- Coat of arms
- Interactive map of Gmina Inowłódz
- Coordinates (Inowłódz): 51°31′37″N 20°13′17″E﻿ / ﻿51.52694°N 20.22139°E
- Country: Poland
- Voivodeship: Łódź
- County: Tomaszów
- Seat: Inowłódz

Area
- • Total: 98.04 km^{2} (37.85 sq mi)

Population (2006)
- • Total: 3,879
- • Density: 39.57/km^{2} (102.5/sq mi)
- Website: http://www.inowlodz.pl/

= Gmina Inowłódz =

Gmina Inowłódz is a rural gmina (administrative district) in Tomaszów County, Łódź Voivodeship, in central Poland. Its seat is the village of Inowłódz, which lies approximately 15 km east of Tomaszów Mazowiecki and 60 km south-east of the regional capital Łódź.

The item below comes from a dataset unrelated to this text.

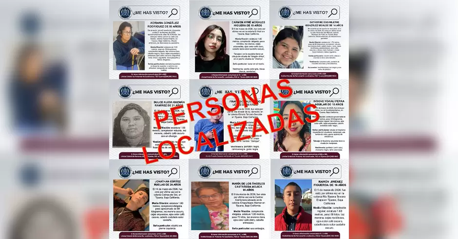 Tijuana.- La Fiscalía General del Estado (FGE) informó la localización de nueve personas que contaban con reporte de desaparición en el municipio de Tijuana, entre ellas tres menores de edad.

The gmina covers an area of 98.04 km2, and as of 2006 its total population is 3,879.

The gmina contains part of the protected area called Spała Landscape Park.

==Villages==
Gmina Inowłódz contains the villages and settlements of Brzustów, Dąbrowa, Inowłódz, Konewka, Królowa Wola, Liciążna, Poświętne, Spała, Teofilów, Wytoka, Żądłowice and Zakościele.

==Neighbouring gminas==
Gmina Inowłódz is bordered by the gminas of Czerniewice, Lubochnia, Opoczno, Poświętne, Rzeczyca, Sławno and Tomaszów Mazowiecki.